Live alive: My Morning Jacket lives up to double live hype
By Mark Guarino
Louisville’s My Morning Jacket is routinely compared to bands from the past and present that present inner emotions and frailties against a backdrop that stretches wide and stands tall: Pink Floyd, U2, Wilco and Radiohead.
However complimentary, the parallels fizzle out from there. Over five albums, My Morning Jacket has become one of those rare bands that fail categorization. You can try, but you’ll always fall short. The songs, incorporating flashes of Southern rock and electronic, seem to inhabit a different orbit, one that does not necessarily follow the neat rules of songcraft but instead find a heartbeat in grandeur. The unruly beards the bandmembers wear and their long stretches of instrumentation have aligned them with many jam bands. However, despite routinely sharing the stage with them at festivals like Coachella and Bonnaroo, My Morning Jacket is not finding their way as they go along, either during a song or on the career path. This is a band with a distinct sound and supersized ambition.
“Okonokos” (ATO/RCA), recently released, is a testament to their drive.
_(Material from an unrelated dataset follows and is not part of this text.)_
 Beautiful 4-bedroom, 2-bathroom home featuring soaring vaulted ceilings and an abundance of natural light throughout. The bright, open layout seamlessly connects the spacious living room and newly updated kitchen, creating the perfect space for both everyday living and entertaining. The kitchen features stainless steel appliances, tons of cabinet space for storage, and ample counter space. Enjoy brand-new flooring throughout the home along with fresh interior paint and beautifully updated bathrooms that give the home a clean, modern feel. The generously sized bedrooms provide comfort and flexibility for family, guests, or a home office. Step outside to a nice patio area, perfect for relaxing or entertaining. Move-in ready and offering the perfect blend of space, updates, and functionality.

Not only does it happen to be one of rock’s cliched hallmarks — the double live album — it breaks the rules by featuring mostly songs from its two albums, “Z” and “It Still Moves,” that were released in the past two years. (A companion DVD featuring the same concert is available separately.)
However familiar those songs may still be for fans, on this live album they sound fleshier and primed for bigger things. The first three songs are the same that kick off “Z” but they are filled with more suspense and reach taller peaks. “We are the innovators/they are the imitators,” lead singer and songwriter Jim James sings on the opening song (“Wordless Chorus”), clearly defining what follows.
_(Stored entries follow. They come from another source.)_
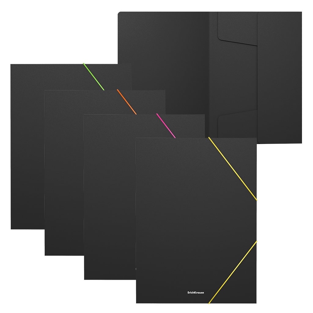 Папка на резинках пластиковая Erich Krause Matt Accent, A4, ассорти (в пакете по 4 шт.)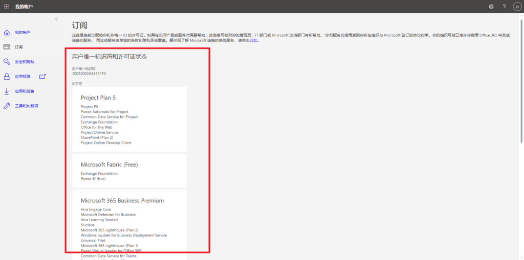 查看M365用户许可证(自助查询) 根据购买的版本选择网址 国际版 https://portal.office.com 中国版 https://login.partner.microsoftonline.cn 输入公司账号密码登录 > 左下角头像 > View account 查看订阅 显示当前账号拥有的所有许可证 Post Views: 19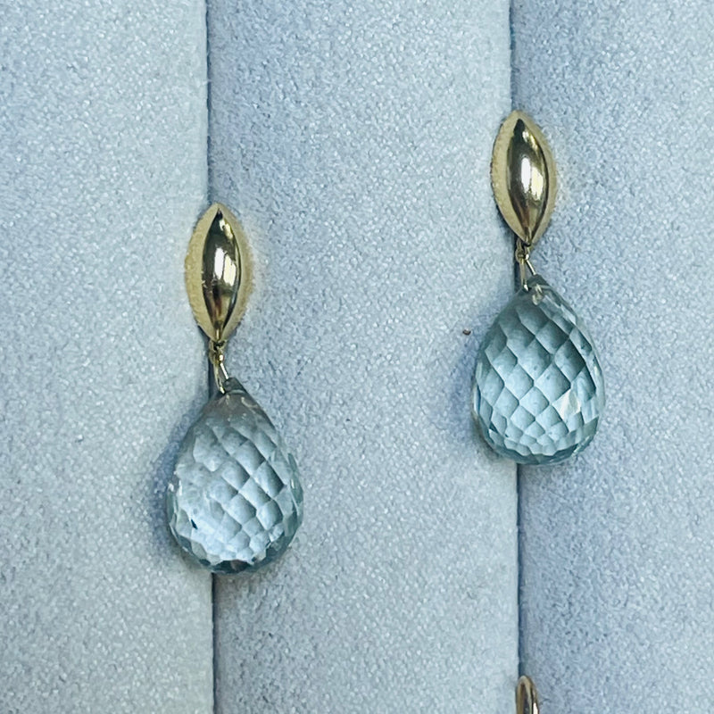 Green Amethyst Briolette 14K Yellow Gold Drop Earrings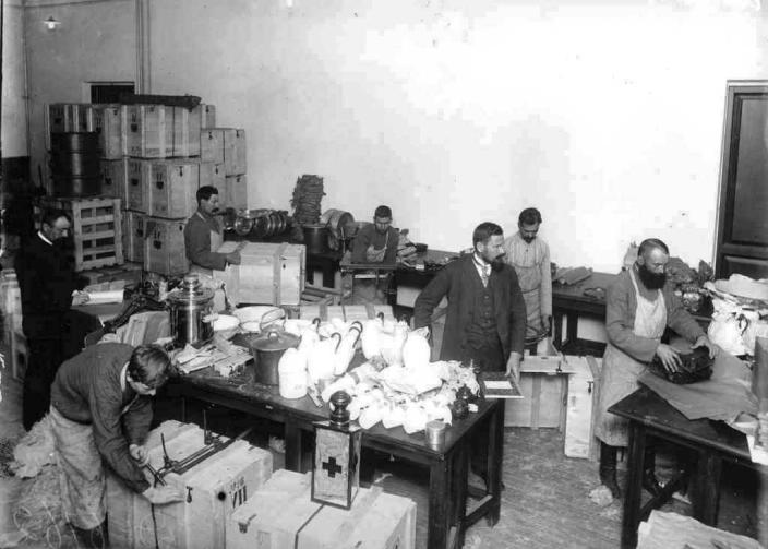 РОССИЙСКОЕ ОБЩЕСТВО КРАСНОГО КРЕСТА (РОКК)Рубрикатор / Благотворительность в Петербурге/История/Попечение о народном здравии Устав общества был утвержден императором 3 мая 1867, после чего императрица Мария Александровна приняла его под свое покровительство. 18 мая 1867 состоялось первое общее собрание учредителей, на котором избрали 25 членов Главного управления общества. Первым председателем этого органа стал министр государственных имуществ ген.-адъютант А. П. Зеленой; позже этот пост последовательно занимали ген.-адъютант А. К. Баумгартен (в 1874–1883), ген.-адъютант М. П. фон Кауфман (в 1883–1898), адмирал, ген.-адъютант Н. И. Казнаков (в 1899–1903), бывший министр Императорского двора ген.-адъютант И. И. Воронцов-Дашков (в 1904–1905), сенатор кн. А. Д. Оболенский (1906) и бывший министр путей сообщения кн. М. И. Хилков (в 1907–1908). В 1909–1917 председателем Главного управления РОКК был член Государственного Совета д.с.с. А. А. Ильин, известный историк и нумизмат. С 1880 по 1917 высочайшей покровительницей общества состояла императрица Мария Федоровна, другие члены императорской фамилии были его почетными членами. Среди членов Главного управления были видные государственные деятели, представители военной и гражданской медицины, аристократии, духовенства и купечества. Главное управление располагалось в С.-Петербурге, на Инженерной ул., 6 – в специально построенном здании (военный инженер Д. В. Покотилов). По инициативе гр. М. Ф. Шереметевой, гр. Е. В. Шуваловой, бар. В. И. Икскуль фон Гильденбанд, бар. В. Е. Врангель и других представительниц высшего света при обществе стали образовываться дамские комитеты, призванные организовывать сбор благотворительных средств, подготовку сестер милосердия, помощь раненым и больным. К 1876 таких комитетов по всей России было 36, в составе которых числилось 1200 женщин, преимущественно дворянок (адреса дамских комитетов в С.-Петербурге: Полюстровская наб., 5; Сампсониевская наб., 1; Миллионная ул., 27). В состав общества входили многие общины сестер милосердия (в 1876 их было 9, в том числе 3 – в С.-Петербурге; в 1890 – 65, в 1904 – 84). Местные управления, комитеты и общины действовали автономно, но подчинялись Главному управлению общества и были ему финансово подотчетны. В руководстве местными управлениями активное участие принимали Н. И. Пирогов, Н. А. Вельяминов, С. П. Боткин, Н. В. Склифосовский, И. П. Павлов, С. И. Спасокукоцкий, Н. Н. Бурденко и другие деятели российской медицины. При основании общества в его составе было 218 членов; через год их число в стране возросло до 2 503, в 1875 достигло 10 047 , а к концу XIX века превысило 100 000. РОКК на свои средства создавало собственные лазареты, госпитали, больницы, склады продовольствия, медикаментов, санитарно-хозяйственного имущества и т. п. В этих начинаниях руководство общества стремилось к взаимодействию с органами военно-медицинского ведомства, другими обществами и частными благотворителями. В военное время структура Главного управления заметно расширялась: создавались справочные бюро о раненых и больных, убитых и военнопленных, отделы передвижения персонала и грузов, отделы контроля, бюро печати и др. В год основания общества в его составе действовало 24 учреждения, а к концу XIX века – до 500 учреждений по всей России. Важнейшим направлением деятельности РОКК была подготовка сестер и братьев милосердия, базой для

His singing is the music’s brute force. Slurpy, big and raw, the words frequently escape definition, but the emotion power is frequently shattering. James bends through octaves, his voice soaring, often cracking, revealing the vulnerabilities that lie underneath. In songs like “It Beats 4 U,” with the band charging behind him, James’ voice soars with intensity. Although it has the ability to howl at high peaks, he counters the bombast with simmering moments that are lush “(I Will Sing You Songs”) and darkly frail (“I Think I’m Going to Hell”).
The band’s complex architecture of sounds has gotten craftier in recent years too. “Anytime,” despite its massive scope, manages to stick to a simpler structure, with pop elements like sighing background vocals complimenting James’ whoops.
“Okonokos” was recorded at the Fillmore in San Francisco, one of the nation’s hallowed rock venues since the days when it served as the headquarters for the Grateful Dead. If there’s a drawback to these two discs, it’s that the interaction of playing live is minimal. Strip away some of the crowd noise (surprisingly, audience chatter is mixed very low to almost none), and this could be another studio album. And who wants that?
You do. For first-time converts to My Morning Jacket, this is the album to get. For long-time fans, these 21 tracks are reminders how explosive a live performance can be and how exciting it is when the band can seek, and then maintain, grandeur.